By Patricia Tanumihardja, The Asian Grandmothers Cookbook
Adapted from "The Chinese Takeout Cookbook" by Diana Kuan
Diana uses a light Philadelphia-style eggless base for this delicious dessert infused with a hint of vanilla and the more dramatic nutty fragrance and flavor of black sesame, which is almost akin to dark chocolate or French roast coffee. I lightened it up a little and used half-and-half instead of heavy cream for a fluffier gelato-like texture. If you can actually resist gorging, the ice cream stores well in the freezer for up to a week.
Makes: 1 quart
Time: 10 minutes, active
2 cups half-and-half, or heavy cream
3/4 cup sugar
1/8 teaspoon salt
2 cups whole milk
1/2 teaspoon pure vanilla extract
1/4 cup black sesame seeds
Special equipment:
Spice grinder
Ice cream maker
1. Combine 1 cup of the heavy cream, the sugar, and salt in a large bowl and whisk until the sugar is completely dissolved.

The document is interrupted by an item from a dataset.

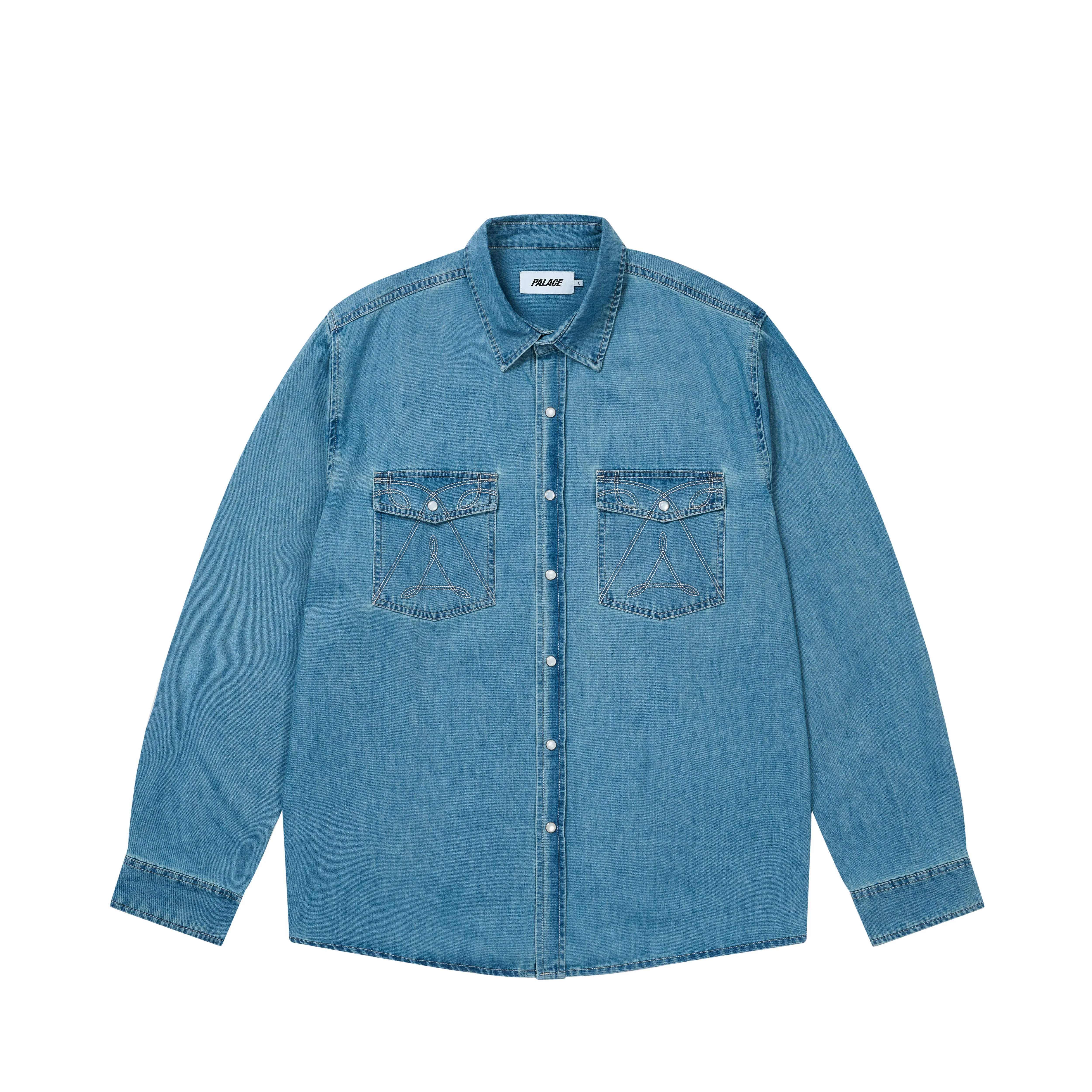 - if you're - over your shirt - just get - a new one TECHNICAL DETAILS - Contrast Embroidery Detail - Pearl Snaps - Palace Flag Label - Front Chest Pockets - 100% Cotton

2. Stir in the remaining 1 cup heavy cream, the milk, and vanilla extract. Cover and chill in the fridge for at least 1 hour. (If you are in a hurry, skip this step.)
3. Grind the sesame seeds in a clean spice grinder for about 5 seconds until they turn into a coarse powder. Don’t grind for too long as the seeds will turn into a paste.
4. Pour the mixture into your ice cream maker and slowly pour in the ground black sesame. Churn according to the manufacturer’s instructions. Transfer the ice cream to a freezer-safe container and freeze for at least four hours or overnight.